# 🧐 `scilint`

*infuse quality into notebook based workflows with a new type of build tool*

---

`scilint` aims to **bring a style and quality standard into notebook based Data Science workflows**. How you define a quality notebook is difficult and somewhat subjective. It can have the obvious meaning of being free of bugs but also legibility and ease of comprehension are important too.

`scilint` takes the approach of breaking down potentially quality relevant aspects of the notebook and providing what we believe are sensible defaults that potentially correlate with higher quality workflows. We also let users define the quality line as they see fit through configuration of existing thresholds and ability to add new metrics. As use of the library grows we anticipate being able to statistically relate some of the quality relevant attributes to key delivery metrics like "change failure rate" or "lead time to production".

# Standing on the shoulders of giants - *an nbdev library*

> `scilint` is written on top of the excellent `nbdev` library. This library is revolutionary as it truly optimises all the benefits of notebooks and compensates for some of their weaker points. For more information on `nbdev` see the [homepage](https://nbdev.fast.ai/) or [github repo](https://github.com/fastai/nbdev)

# Getting Started

[WIP] - (reviewers) this requires that the library is published to pypi which has not yet happened

`pip install scilint`

`scilint` has the following main features/commands:
    
1. `scilint_tidy`: run an in-place opinionated flavour of [nbQA](https://github.com/nbQA-dev/nbQA) to tidy up your notebooks
2. `scilint_lint`: inspect the notebooks for potential quality correlates and report on the findings
3. `scilint_build`: the build command for notebooks: ensuring they all run, pass their tests and meet a consistent style/quality standard

## `scilint_tidy`

To get a consistent style across your notebooks you can run `scilint_tidy`; this currently runs `autoflake`, `black` and `isort` in-place across all of your notebooks.

## `scilint_lint`

Exposes potential quality issues within your notebook using some pre-defined checks. Default threshold values for these checks are provided that will enable a build to be marked as passed or failed.

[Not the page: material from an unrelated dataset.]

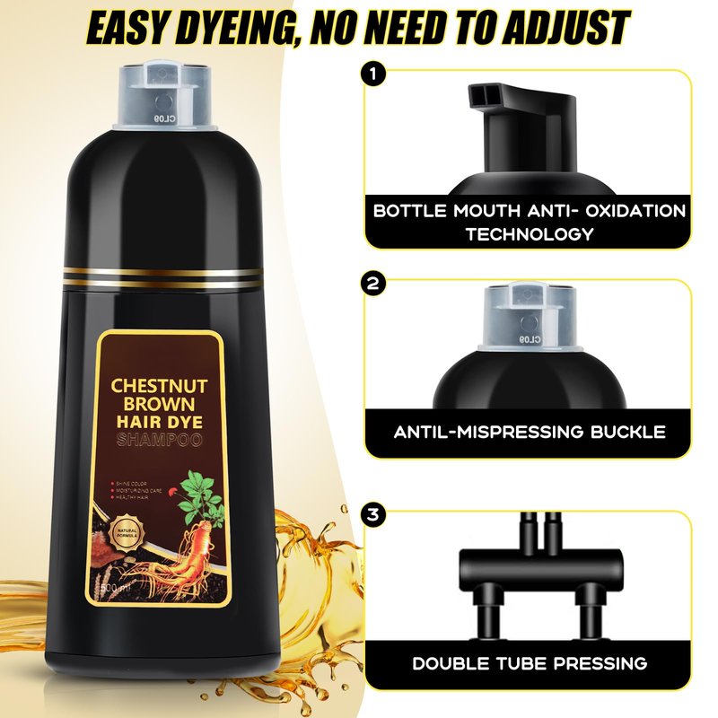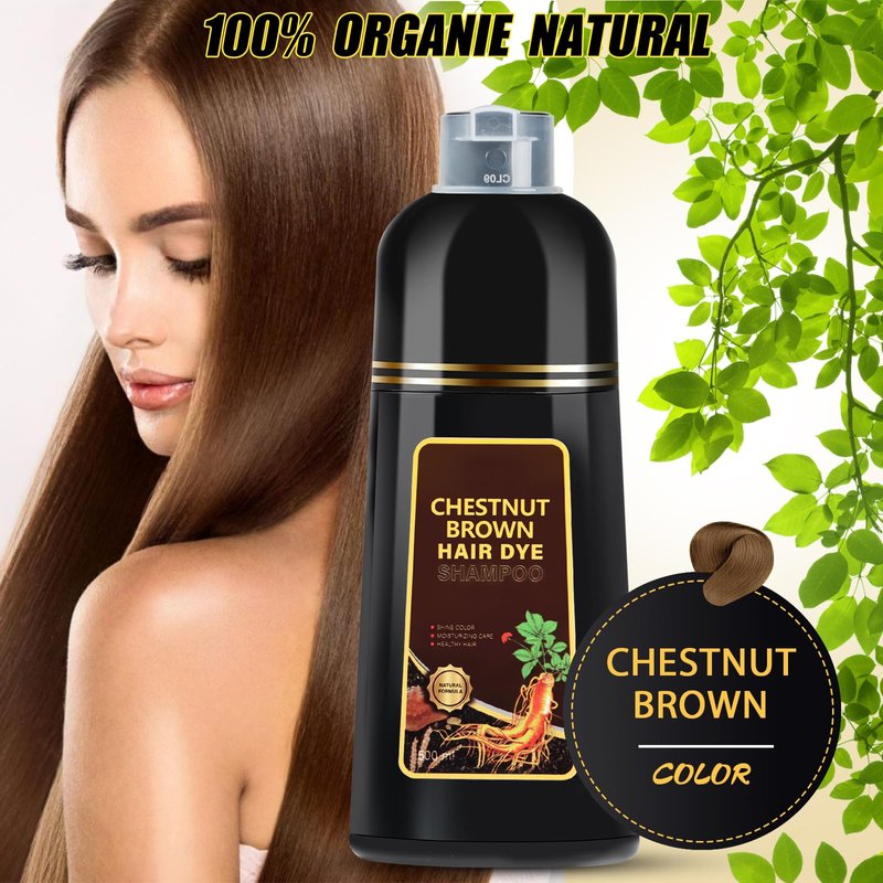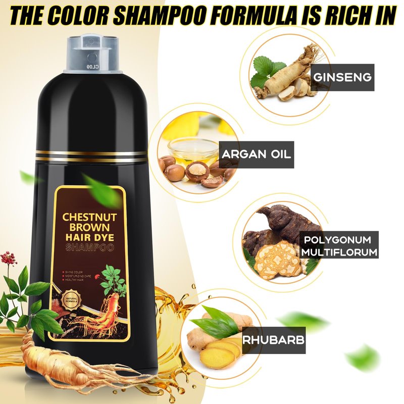 Hair Dye Shampoo 3 in 1, Herbal Shampoo Hair Dye for Women Men, Grey Coverage Shampoo 16.9fl oz (Chestnut Brown)

*[WIP] configuration of metrics thresholds and ability to disable individual checks will be coming soon.*

### What does this look like?

Image of a report in CSV & report output..

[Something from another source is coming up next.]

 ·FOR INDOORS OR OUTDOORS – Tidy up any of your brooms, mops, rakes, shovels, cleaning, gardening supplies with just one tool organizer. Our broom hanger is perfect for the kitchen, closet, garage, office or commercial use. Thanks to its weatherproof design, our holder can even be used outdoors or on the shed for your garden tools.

### Wait.. what is a test in a Notebook?

We view every `assert` statement as being a test

### Quality Metrics

* **Calls-Per-Function {Median, Mean}:** tbc..................
* **In-Function-Percent:** tbc..................
* **Asserts-Per-Function:** tbc..................
* **InlineAssertsPerFunction {Median, Mean}:** tbc..................
* **MarkdownToCodeRatio:** tbc..................
* **TotalCodeLen**: tbc..................

### Fail Threshold

> For now a very basic failure threshold is set by providing a number of warnings that will be accepted without failing the build. The default is 1 but this can be increased via the `fail-over` parameter. As the library matures we will revisit adding more nuanced options.

# Contributing

After you clone this repository, please run nbdev_install_hooks in your terminal. This sets up git hooks, which clean up the notebooks to remove the extraneous stuff stored in the notebooks (e.g. which cells you ran) which causes unnecessary merge conflicts.

To run the tests in parallel, launch nbdev_test.

Before submitting a PR, check that the local library and notebooks match.

If you made a change to the notebooks in one of the exported cells, you can export it to the library with nbdev_prepare.
If you made a change to the library, you can export it back to the notebooks with nbdev_update.